Moamoria Rebellion
| Date | 1769–1770, 1782, 1786–1805 |
| Location | Assam |
| Result | Severe weakening of the Ahom kingdom; Near-end of the Paik system; Creation of a standing army of mostly paid Hindustani sepoys to replace the Ahom paik based military force; Half of the country depopulated; |
| Territorial changes | Creation of autonomous Matak rajya |

Belligerents
- Moamoria: Ahom dynasty;

Commanders and leaders
- Ragha Moran; Ramananda; Naharkhora Saikia; Govinda Gaonburha; Pitambardev; Sarbananda Singha; Bharath Singha;: Sunyeophaa; Suhitpangphaa; Suklingphaa; Ghanashyam Burhagohain; Purnanada Burhagohain; Kirti Chandra Borbarua;

= Moamoria rebellion =

18th century uprising in Ahom kingdom of present-day Assam

The Moamoria rebellion (1769–1805) was an 18th-century uprising in Ahom kingdom of present-day Assam that began as power struggle between the Moamorias (Mataks), the adherents of the Vaishnavite Mayamara Satra, and the Ahom kings.
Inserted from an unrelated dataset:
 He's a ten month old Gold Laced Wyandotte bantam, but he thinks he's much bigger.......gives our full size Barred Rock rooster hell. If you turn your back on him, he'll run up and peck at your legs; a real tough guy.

This uprising spread widely to other sections of Ahom kingdom including disgruntled elements of the Ahom aristocracy leading to two periods in which the Ahom king lost control of the capital. Retaking the capital was accompanied by a massacre of subjects, leading to a steep depopulation of large tracts. The Ahom king failed to retake the entire kingdom; a portion in the north-east, Bengmara (modern-day Tinsukia district), became known as Matak Rajya ruled by a newly created office called Borsenapati, became a tribute-paying but virtually independent territory.
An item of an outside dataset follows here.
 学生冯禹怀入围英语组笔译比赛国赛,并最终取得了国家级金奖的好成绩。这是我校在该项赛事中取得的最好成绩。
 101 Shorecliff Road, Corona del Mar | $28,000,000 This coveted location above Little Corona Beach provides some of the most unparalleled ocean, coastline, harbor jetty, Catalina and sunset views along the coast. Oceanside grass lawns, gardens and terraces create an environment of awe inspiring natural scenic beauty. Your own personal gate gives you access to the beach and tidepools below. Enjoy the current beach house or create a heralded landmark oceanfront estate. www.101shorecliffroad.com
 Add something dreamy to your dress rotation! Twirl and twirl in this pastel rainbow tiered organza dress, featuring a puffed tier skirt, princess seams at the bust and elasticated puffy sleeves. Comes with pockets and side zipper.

The Ahom kingdom emerged from the rebellion much weakened. About half of the population of the kingdom perished and the economy was totally destroyed. The weakened Ahom kingdom fell to a Burmese invasion which ultimately led to colonization by the British.

==Background==

This rebellion was primarily among the Moamoria Paiks against the Ahom kingdom. The Moamorias were the followers of the Moamaria sattra that was predominantly Morans (the mainstay of the Ahom militia), but there were also the Chutias (expert archers and matchlockmen), Sonowal Kacharis (gold-washers), professional castes such as Hiras (potters), Tantis (weavers), Kaibartas (fishermen), Bania (artisans) and Ahom nobles and officers. The rising popularity of Moamoria sattra had siphoned off the power of orthodox Hindu groups and Shakti sect which supported the Ahom kings. The Satras provided refuge for those seeking to escape the Paik system under which, any able-bodied person who was not a Brahmin or a noble could be used for labour, services or conscripted into the army. The Ahom kingdom was entering a crisis, as the Paik system on which the state was based was unable to adapt to the changing economy and the emerging social classes. The rise of the Satras was one of the reason for the leakage of manpower from the Paik system, and as a result the Ahom kingdom and the Satras came into increasing conflict. Mayamara satra belonged to the non-conformist Kala-samhati sect that competed against the royalist satras belonging to other sects. The Ahom kingdom watched the growth of this Satra with discomfort and heaped insult and repression on the followers of this satra. The Moamoria Rebellion started during the reign of Swargadeo Sunyeophaa and ended during the reign of Swargadeo Suklingphaa. It continued up to 36 years, from 1769 to 1805.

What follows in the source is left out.